Bekijk hier 1 van de video’s uit de campagne:

 

5.1 ‘Het is eigenlijk een manier van omdenken’

Het team De Hoogte in Goes is inmiddels getraind op Triple-C. Ook heeft dit team al ervaring met de nieuwe structuur, waarbij gewerkt wordt met de driehoek: coördinerend begeleider-gedragsdeskundige-manager. Om te horen hoe een en ander bevalt gaan we in gesprek met de drie leden van de driehoek, namelijk Suzanne Lindhout, coördinerend begeleider, Lilli Schenk, gedragsdeskundige en manager Linda van Son.
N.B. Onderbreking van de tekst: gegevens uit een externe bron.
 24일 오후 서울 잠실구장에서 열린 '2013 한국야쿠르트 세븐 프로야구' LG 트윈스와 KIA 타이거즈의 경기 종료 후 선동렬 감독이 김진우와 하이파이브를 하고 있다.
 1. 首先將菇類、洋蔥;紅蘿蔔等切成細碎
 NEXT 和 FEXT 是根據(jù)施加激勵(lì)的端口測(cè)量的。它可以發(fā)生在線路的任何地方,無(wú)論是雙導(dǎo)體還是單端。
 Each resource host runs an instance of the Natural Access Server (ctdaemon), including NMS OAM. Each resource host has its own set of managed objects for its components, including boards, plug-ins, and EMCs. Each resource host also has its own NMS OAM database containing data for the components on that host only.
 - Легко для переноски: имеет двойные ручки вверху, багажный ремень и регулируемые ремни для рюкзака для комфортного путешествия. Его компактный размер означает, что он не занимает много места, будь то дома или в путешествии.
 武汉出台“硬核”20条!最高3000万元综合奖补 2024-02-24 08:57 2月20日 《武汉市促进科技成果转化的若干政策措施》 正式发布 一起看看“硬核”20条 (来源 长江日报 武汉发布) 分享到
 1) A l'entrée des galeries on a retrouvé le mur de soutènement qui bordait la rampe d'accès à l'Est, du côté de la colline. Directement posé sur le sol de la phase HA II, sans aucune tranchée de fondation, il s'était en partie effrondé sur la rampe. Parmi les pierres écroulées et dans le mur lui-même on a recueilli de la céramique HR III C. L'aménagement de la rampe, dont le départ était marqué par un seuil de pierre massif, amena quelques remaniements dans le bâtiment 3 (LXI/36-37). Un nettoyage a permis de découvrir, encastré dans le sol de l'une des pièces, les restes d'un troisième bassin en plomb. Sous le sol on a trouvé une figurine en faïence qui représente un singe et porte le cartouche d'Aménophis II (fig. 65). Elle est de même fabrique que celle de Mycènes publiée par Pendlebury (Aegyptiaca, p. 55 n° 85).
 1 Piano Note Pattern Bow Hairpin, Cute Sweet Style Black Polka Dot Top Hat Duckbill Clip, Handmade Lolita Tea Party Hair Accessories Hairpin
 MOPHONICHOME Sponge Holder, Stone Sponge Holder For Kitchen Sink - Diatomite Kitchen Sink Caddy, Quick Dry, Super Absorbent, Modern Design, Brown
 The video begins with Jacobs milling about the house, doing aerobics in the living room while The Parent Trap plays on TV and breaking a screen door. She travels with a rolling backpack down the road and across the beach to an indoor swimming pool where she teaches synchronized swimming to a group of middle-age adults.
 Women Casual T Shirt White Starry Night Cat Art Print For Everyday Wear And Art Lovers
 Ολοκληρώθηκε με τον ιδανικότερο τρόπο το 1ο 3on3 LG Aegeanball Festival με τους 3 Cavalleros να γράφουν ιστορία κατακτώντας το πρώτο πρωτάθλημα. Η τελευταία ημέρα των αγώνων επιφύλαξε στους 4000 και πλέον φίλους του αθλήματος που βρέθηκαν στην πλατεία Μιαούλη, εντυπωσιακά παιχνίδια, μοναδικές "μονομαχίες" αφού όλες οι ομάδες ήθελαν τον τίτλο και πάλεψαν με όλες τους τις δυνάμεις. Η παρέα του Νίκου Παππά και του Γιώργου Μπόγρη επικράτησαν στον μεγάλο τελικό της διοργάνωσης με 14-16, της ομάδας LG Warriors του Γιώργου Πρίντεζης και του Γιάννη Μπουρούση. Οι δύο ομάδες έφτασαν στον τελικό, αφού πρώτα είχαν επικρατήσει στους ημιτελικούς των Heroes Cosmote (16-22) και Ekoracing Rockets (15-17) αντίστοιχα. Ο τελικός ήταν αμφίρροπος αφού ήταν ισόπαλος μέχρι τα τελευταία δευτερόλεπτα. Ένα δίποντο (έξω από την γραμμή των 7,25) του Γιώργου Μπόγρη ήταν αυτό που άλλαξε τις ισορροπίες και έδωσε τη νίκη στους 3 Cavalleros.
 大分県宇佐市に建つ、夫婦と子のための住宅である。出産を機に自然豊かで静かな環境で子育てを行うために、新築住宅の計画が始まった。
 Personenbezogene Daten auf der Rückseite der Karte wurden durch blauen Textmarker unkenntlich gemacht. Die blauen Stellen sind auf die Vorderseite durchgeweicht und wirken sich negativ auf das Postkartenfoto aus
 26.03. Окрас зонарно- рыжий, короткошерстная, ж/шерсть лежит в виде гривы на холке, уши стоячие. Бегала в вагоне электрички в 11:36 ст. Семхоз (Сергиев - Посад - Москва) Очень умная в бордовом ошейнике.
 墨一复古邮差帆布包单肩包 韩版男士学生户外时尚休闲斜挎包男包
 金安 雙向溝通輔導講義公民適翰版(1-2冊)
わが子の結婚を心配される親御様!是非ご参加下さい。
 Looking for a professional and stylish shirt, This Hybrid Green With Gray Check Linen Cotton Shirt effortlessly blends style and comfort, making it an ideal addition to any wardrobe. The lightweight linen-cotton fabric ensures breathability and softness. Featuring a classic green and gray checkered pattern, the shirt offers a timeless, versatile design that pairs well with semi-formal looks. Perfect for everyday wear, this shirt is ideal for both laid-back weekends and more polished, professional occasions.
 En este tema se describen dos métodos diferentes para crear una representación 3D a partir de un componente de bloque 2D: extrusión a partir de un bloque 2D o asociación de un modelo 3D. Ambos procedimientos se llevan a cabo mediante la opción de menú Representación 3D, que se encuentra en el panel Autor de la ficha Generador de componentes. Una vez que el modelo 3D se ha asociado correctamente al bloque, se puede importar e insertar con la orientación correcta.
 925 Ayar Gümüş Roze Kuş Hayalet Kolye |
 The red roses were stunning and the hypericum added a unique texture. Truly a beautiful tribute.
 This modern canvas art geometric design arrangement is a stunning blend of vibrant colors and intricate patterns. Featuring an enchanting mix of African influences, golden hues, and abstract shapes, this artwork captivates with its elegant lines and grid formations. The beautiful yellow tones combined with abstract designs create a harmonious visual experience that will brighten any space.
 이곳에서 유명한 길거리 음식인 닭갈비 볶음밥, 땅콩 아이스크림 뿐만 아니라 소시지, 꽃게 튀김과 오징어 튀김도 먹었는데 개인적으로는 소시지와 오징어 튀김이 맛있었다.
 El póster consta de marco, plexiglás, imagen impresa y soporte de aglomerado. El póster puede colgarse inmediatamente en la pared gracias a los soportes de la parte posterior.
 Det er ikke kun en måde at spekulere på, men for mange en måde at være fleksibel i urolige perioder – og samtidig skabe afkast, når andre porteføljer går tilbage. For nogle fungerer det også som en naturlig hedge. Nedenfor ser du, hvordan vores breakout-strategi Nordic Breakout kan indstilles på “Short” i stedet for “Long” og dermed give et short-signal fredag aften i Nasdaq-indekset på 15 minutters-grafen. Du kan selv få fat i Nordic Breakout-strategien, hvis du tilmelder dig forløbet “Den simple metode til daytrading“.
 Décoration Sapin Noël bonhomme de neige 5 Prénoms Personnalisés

Zij vertellen enthousiast over hun ervaringen en over hun inspanningen om elkaar bij de les te houden.

De Hoogte is een woon- en werkleerlocatie voor mensen met een verstandelijke beperking en een diagnose in het autistisch spectrum. “We hebben hier regelmatig te maken met complexe gedragsvraagstukken”, verduidelijkt Lilli. “Zo hadden we afgelopen zomer een aantal crisissituaties. Daarnaast hebben we binnen het team veel wisselingen gehad, zodat lang niet iedereen de Triple-C scholing heeft gedaan. Desondanks maken we kleine stapjes. Het is leuk om met die ontwikkeling bezig te blijven.”

Gezamenlijkheid van dezelfde taal
Triple-C in de dagelijkse praktijk van De Hoogte betekent volgens Linda in ieder geval de gezamenlijkheid van dezelfde taal spreken, hoe moeilijk dat soms ook is. Daarbij haalt Lilli het voorbeeld van probleemgedrag aan. “In zo’n geval snap je de reactie van de medewerker, die daar moeite mee heeft. Het is dan lastig om de focus niet op het probleemgedrag te leggen, maar te zoeken naar waar de onderliggende menselijke behoeften van de cliënt schuren. Toch proberen we dat iedere keer weer. We weten immers dat de stoel van de cliënt vast staat en dat wij ‘moeten schuiven met onze stoelen’. Het staat allemaal nog in de kinderschoenen, maar we proberen weldegelijk om steeds terug te grijpen op Triple-C.”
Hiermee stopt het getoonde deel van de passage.